Step 3: Design Deep Dive

Common deep dive areas for a chat system include service discovery, messaging flows, and online/offline indicators.

Service Discovery

Its main role is to recommend the best chat server to a client based on criteria like geographical location or server capacity. Apache Zookeeper is a popular open-source solution.

Service Discovery Workflow (Example with Zookeeper):

User A attempts to log in.
Load balancer sends the login request to API servers.
Backend authenticates the user. Service discovery (Zookeeper) identifies the optimal chat server (e.g., Server 2) and returns its information to User A.
User A establishes a WebSocket connection to Chat Server 2.

Message Flows

One-on-One Chat Flow (User A to User B):
1. User A sends message to Chat Server 1.
2. Chat Server 1 gets message_id from ID generator.
3. Chat Server 1 sends message to a message sync queue.
4. Message is stored in a key-value store. 5.a. If User B is online, message is forwarded to Chat Server 2 (where User B is connected). 5.b. If User B is offline, a push notification is sent from PN servers.
5. Chat Server 2 forwards message to User B (via persistent WebSocket).
Message Synchronization Across Multiple Devices: Many users have multiple devices. Each device maintains a cur_max_message_id variable, tracking its latest message ID. New messages are those with recipient ID matching the logged-in user and message_id greater than cur_max_message_id. This allows each device to fetch new messages from the KV store independently.
Small Group Chat Flow: More complex than one-on-one. When User A sends a message in a group (e.g., User A, B, C), the message is copied to each group member’s message sync queue (e.g., one for User B, one for User C). This design simplifies message synchronization as each client only checks its own inbox. It’s suitable for small groups (e.g., WeChat limits groups to 500 members). For very large groups, copying messages for each member becomes too expensive.

Online Presence Indicator

This essential feature (e.g., a green dot next to a username) is managed by presence servers, communicating with clients via WebSocket.

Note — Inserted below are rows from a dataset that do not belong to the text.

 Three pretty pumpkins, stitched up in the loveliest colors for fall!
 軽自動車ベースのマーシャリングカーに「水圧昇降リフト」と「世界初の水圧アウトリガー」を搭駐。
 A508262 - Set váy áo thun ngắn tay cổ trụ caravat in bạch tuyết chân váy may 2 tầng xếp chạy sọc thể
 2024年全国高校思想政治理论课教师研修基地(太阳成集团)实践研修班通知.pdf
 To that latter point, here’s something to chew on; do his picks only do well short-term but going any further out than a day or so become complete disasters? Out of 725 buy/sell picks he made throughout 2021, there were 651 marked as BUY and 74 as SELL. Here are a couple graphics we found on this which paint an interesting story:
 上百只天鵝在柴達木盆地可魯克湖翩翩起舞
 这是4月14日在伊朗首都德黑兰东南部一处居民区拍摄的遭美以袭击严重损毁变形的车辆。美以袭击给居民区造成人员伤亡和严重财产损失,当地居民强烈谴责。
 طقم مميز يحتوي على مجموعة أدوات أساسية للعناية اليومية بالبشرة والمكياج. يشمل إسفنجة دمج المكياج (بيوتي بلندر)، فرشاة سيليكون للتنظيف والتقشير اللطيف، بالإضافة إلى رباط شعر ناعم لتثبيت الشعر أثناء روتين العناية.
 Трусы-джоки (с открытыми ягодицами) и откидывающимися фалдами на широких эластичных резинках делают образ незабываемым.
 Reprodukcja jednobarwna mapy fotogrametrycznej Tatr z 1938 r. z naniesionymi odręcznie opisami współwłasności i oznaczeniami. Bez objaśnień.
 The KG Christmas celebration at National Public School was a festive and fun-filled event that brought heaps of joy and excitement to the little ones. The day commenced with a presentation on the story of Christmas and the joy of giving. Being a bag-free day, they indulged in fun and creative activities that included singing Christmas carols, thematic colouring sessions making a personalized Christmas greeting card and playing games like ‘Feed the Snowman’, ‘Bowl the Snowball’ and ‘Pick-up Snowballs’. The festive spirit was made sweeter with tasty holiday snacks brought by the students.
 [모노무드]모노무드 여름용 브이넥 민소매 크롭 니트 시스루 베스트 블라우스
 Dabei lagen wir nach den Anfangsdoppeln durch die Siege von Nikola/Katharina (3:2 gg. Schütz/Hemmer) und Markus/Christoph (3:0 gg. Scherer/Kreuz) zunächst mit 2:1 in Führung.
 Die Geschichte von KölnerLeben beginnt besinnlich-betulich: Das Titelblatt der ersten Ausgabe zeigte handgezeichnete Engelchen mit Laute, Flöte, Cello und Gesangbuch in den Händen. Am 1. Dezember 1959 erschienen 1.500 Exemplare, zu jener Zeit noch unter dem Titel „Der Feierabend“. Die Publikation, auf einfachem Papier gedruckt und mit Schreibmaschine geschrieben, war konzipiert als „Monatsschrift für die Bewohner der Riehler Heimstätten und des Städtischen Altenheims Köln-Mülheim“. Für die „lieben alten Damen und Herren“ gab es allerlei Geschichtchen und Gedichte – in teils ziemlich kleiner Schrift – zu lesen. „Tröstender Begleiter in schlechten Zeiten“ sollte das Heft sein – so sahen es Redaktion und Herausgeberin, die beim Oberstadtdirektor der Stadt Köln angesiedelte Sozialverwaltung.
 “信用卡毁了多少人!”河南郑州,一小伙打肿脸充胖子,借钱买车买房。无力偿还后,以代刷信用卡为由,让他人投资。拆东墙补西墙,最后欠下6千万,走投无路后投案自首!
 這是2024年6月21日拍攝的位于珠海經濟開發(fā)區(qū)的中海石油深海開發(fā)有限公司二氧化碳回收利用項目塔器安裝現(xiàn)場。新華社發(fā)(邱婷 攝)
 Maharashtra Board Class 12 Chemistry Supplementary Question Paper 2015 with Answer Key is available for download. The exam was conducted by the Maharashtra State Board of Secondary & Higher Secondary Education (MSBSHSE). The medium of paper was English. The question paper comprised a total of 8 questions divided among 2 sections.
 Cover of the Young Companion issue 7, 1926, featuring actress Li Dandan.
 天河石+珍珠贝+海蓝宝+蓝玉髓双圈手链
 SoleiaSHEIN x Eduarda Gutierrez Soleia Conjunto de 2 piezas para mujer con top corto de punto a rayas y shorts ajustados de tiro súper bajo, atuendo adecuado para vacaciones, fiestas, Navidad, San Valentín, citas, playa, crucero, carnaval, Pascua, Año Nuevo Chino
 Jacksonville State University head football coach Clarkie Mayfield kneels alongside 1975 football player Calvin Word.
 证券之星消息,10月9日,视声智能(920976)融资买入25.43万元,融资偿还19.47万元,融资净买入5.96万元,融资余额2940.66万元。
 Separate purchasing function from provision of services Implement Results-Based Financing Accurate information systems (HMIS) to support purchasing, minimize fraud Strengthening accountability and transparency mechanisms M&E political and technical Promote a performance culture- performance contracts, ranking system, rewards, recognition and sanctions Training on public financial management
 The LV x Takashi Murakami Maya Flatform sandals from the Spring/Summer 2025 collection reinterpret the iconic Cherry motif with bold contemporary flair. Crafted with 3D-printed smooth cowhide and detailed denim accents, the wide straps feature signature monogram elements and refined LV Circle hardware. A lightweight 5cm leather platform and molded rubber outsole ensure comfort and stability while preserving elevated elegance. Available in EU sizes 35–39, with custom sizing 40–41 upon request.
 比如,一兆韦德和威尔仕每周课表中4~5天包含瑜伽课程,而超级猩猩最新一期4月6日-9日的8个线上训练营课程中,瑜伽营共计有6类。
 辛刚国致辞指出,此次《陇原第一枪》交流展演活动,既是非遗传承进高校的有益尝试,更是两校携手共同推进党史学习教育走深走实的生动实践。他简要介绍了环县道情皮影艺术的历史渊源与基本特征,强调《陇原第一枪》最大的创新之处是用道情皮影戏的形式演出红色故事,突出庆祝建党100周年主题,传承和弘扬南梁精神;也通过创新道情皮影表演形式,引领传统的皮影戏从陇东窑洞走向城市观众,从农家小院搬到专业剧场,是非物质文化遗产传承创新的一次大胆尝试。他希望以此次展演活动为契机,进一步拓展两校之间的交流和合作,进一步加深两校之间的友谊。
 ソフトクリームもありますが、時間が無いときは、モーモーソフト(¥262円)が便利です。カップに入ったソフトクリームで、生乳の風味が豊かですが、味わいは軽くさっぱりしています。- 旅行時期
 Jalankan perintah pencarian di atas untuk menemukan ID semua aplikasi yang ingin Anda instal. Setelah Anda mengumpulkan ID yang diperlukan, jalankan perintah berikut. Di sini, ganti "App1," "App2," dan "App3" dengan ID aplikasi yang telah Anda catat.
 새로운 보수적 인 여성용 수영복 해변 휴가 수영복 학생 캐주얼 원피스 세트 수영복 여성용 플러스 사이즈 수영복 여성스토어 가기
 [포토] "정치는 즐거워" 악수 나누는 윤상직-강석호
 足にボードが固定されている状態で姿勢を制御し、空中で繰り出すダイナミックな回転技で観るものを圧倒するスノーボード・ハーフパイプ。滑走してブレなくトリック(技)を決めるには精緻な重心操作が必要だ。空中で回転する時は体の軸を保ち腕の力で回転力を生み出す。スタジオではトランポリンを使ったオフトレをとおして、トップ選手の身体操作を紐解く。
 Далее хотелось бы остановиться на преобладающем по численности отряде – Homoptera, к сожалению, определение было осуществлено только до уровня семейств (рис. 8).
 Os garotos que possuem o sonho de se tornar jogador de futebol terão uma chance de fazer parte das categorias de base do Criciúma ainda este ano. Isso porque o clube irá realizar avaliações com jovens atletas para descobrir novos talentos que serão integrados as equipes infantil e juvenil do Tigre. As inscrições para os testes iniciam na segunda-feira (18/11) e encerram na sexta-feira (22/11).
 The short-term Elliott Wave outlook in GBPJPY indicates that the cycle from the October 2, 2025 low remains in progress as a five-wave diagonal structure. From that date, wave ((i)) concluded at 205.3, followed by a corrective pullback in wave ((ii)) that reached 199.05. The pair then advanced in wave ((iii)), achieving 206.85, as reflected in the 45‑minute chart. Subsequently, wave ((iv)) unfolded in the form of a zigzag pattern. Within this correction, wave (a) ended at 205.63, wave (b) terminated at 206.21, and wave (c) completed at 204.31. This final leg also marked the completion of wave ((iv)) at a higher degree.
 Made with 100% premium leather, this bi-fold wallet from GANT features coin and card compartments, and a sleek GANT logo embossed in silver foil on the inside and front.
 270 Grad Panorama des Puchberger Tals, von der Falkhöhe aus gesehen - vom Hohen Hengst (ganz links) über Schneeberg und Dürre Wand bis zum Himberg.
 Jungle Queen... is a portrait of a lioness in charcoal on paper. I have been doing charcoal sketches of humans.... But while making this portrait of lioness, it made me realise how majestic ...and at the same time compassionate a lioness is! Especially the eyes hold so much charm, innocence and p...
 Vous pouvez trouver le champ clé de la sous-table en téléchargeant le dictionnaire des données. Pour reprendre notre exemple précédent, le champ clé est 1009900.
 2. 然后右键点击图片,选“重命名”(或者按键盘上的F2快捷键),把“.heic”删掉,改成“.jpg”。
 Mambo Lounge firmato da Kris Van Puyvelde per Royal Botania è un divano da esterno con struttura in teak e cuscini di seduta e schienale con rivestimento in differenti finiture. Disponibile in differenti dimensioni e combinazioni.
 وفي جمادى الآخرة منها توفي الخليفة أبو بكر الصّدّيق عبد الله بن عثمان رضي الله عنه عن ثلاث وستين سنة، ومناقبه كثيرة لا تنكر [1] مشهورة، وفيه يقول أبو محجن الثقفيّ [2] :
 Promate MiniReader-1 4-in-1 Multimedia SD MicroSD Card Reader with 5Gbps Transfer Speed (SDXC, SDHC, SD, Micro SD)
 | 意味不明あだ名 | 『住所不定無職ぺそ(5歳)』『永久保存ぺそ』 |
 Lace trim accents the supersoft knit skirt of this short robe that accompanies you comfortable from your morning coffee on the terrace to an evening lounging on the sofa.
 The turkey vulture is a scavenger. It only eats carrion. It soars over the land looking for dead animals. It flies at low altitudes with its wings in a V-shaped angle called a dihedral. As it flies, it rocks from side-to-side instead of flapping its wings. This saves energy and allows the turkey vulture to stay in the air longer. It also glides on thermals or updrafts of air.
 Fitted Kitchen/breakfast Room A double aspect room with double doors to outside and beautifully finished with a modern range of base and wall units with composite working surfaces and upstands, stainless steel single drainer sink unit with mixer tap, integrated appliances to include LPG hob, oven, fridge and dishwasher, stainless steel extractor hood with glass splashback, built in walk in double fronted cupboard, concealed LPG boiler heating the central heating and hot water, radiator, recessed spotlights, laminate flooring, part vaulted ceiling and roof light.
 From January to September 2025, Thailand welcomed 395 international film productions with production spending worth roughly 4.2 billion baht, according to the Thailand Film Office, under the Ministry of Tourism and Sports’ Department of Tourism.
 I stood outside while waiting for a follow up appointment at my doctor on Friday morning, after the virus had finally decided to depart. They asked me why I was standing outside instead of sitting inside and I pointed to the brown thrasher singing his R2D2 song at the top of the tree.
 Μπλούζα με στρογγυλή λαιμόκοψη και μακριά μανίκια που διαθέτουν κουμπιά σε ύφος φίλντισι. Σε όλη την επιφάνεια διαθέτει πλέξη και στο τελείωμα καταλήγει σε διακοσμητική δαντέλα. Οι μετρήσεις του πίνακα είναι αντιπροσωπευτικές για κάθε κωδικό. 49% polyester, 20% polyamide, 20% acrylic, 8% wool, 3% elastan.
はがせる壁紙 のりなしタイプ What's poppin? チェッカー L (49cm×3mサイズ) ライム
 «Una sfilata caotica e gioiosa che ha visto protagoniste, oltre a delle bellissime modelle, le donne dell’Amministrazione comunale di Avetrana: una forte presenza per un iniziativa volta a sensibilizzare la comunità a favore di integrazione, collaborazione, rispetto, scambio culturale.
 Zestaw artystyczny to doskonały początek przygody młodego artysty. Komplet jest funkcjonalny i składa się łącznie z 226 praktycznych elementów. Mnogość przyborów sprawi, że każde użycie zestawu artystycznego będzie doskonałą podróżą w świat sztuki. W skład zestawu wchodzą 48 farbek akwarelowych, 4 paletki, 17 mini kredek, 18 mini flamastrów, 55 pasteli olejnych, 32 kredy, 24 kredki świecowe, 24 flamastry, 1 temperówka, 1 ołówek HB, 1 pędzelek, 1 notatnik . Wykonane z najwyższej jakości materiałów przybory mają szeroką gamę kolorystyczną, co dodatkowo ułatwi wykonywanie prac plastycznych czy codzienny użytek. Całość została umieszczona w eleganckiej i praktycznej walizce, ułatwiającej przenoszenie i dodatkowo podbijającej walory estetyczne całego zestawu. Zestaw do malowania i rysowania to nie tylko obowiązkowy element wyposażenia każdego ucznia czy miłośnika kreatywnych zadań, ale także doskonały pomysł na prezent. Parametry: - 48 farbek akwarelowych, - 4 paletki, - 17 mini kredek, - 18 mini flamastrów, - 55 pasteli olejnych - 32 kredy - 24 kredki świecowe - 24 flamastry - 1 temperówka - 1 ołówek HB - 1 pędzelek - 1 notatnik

Online Status Change Triggers:

User Login: After WebSocket connection, user’s online status and last_active_at timestamp are saved in the KV store, and the indicator shows online.
User Logout: Online status in KV store changes to offline.
User Disconnection: To avoid frequent status changes from transient network issues, a heartbeat mechanism is used. An online client periodically sends heartbeat events to presence servers. If no heartbeat is received within a set time (e.g., x seconds), the user is marked offline.
Online Status Fanout: Presence servers use a publish-subscribe model. Each friend pair maintains a channel. When User A’s status changes, the event is published to relevant channels (e.g., A-B, A-C, A-D), which User B, C, and D subscribe to via WebSocket, receiving real-time updates. This is effective for small groups. For larger groups, constantly informing all members is expensive; instead, online status might be fetched only when a user enters a group or manually refreshes their friend list.

Step 4: Wrap Up (Additional Considerations)

This chapter presented a chat system architecture supporting one-to-one and small group chat, utilizing WebSocket for real-time communication. Key components included chat servers, presence servers, push notification servers, key-value stores for history, and API servers for other functionalities.

Additional discussion points for an interview could include:

Media File Support: Extending the chat app for photos/videos. Topics: compression, cloud storage, thumbnails.
End-to-End Encryption: Discussing how only sender and recipient can read messages (e.g., WhatsApp model).
Client-Side Message Caching: Reduces data transfer between client and server.
Improved Load Time: Geographically distributed networks and edge caching (e.g., Slack’s Flannel).
Error Handling:
- Chat Server Errors: If a chat server goes offline, service discovery (Zookeeper) provides a new server for clients to reconnect.
- Message Resent Mechanism: Retry and queuing are common techniques for failed message delivery.